The Board of Directors of your Company met 7 (Seven) times during the Financial Year ended 31stMarch, 2019. The details of Board Meetings and the attendance of the Directors thereat are provided in the Corporate Governance Report. The intervening time gap between two consecutive Meetings was within the period prescribed under the Companies Act, 2013.

12. DIRECTORS' RESPONSIBILITY STATEMENT:

To the best of their knowledge and belief according to the information and explanations obtained by them, Board of Directors of the Company makes the following statements in terms of Section 134(3)(c) of the Companies Act, 2013:

(i) that in the preparation of the Annual Financial Statements for the year ended March 31, 2019, the applicable accounting standards have been followed along with proper explanation relating to material departures, if any;

(ii) that such accounting policies as mentioned in Notes to Financial Statements have been selected and applied consistently and made judgments and estimates have been made that are reasonable and prudent so as to give a true and fair view of the state of affairs of the Company as at March 31, 2019 and of the loss of the Company for the year ended on that date;

(iii) that proper and sufficient care for the maintenance of adequate accounting records in accordance with the provisions of the Companies Act, 2013 for safeguarding the assets of the Company and for preventing and detecting fraud and other irregularities;

(iv) that the Annual Financial Statements have been prepared on a going concern basis;

(v) that the proper internal financial controls were in place and that the financial controls were adequate and were operating effectively;

(vi) that systems to ensure compliance with the provisions of all applicable laws were in place and were adequate and operating effectively.
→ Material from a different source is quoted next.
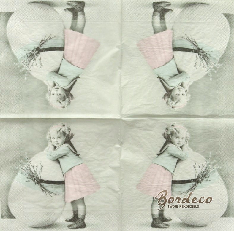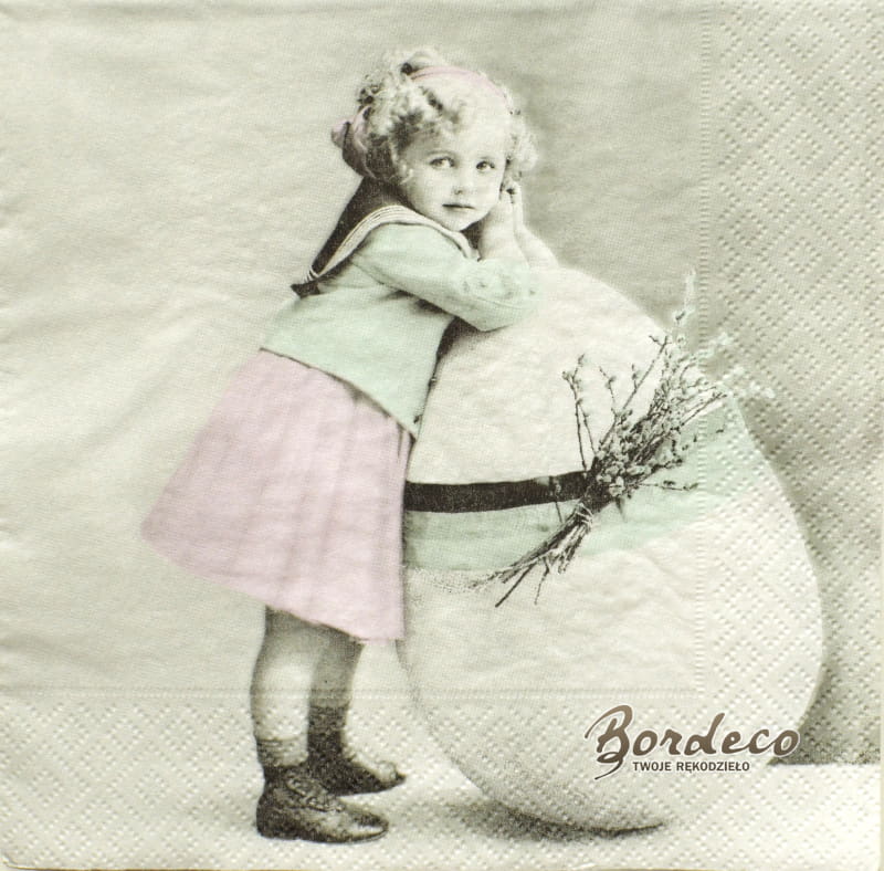 Serwetka do decoupage firmy SAGEN, seria "stare fotografie" - dziewczynka z mega wielką pisanką 33x33cm.
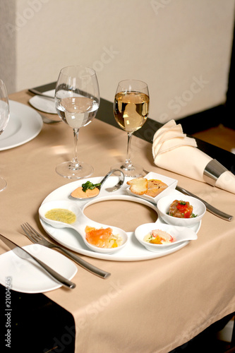 table, eatery, plate, menu, eating, food, meat, wine, white, fork, spoon, knife, glasses, dinner, appetence, appetiser, chef, closeup, cooked, cooking, cookery, culinary, decoration, deli, delicious, diet, dish, eat, fish, fresh, freshness, fried, epicure, health, healthy, herb, ravenous, italian, kitchen, lunch, luxury, macro, meal, natural, nourishment, organic, prepared, raw, receipe

13. ANNUAL PERFORMANCE EVALUATION OF BOARD:

Pursuant to the provisions of the Companies Act, 2013, and the corporate governance requirements as prescribed by the Securities and Exchange Board of India (Listing Obligations and Disclosure Requirements), Regulations 2015 (‘SEBI Listing Regulations'); the Board of Directors has carried out an annual evaluation of its own performance as a Board, the directors individually as well as the evaluation of the working of its Audit, Nomination & Remuneration and Compliance Committees.

The performance of the board was evaluated by the board after taking into consideration inputs received from the Directors, covering various aspects of the Board's functioning such as adequacy of the composition of the Board and its Committees, Board culture, execution and performance of specific duties, obligations and governance, effectiveness of board processes, information and functioning, etc. as provided by the Guidance Note on Board Evaluation issued by the Securities and Exchange Board of India on January 5, 2017.

A separate exercise was carried out to evaluate the performance of individual Directors including the Chairman of the Board, who were evaluated on parameters such as level of engagement, the contribution of the individual director to the board and committee meetings like preparedness on the issues to be discussed, meaningful and constructive contribution and inputs in meetings, independence of judgment, safeguarding the interest of the Company and its minority shareholders etc.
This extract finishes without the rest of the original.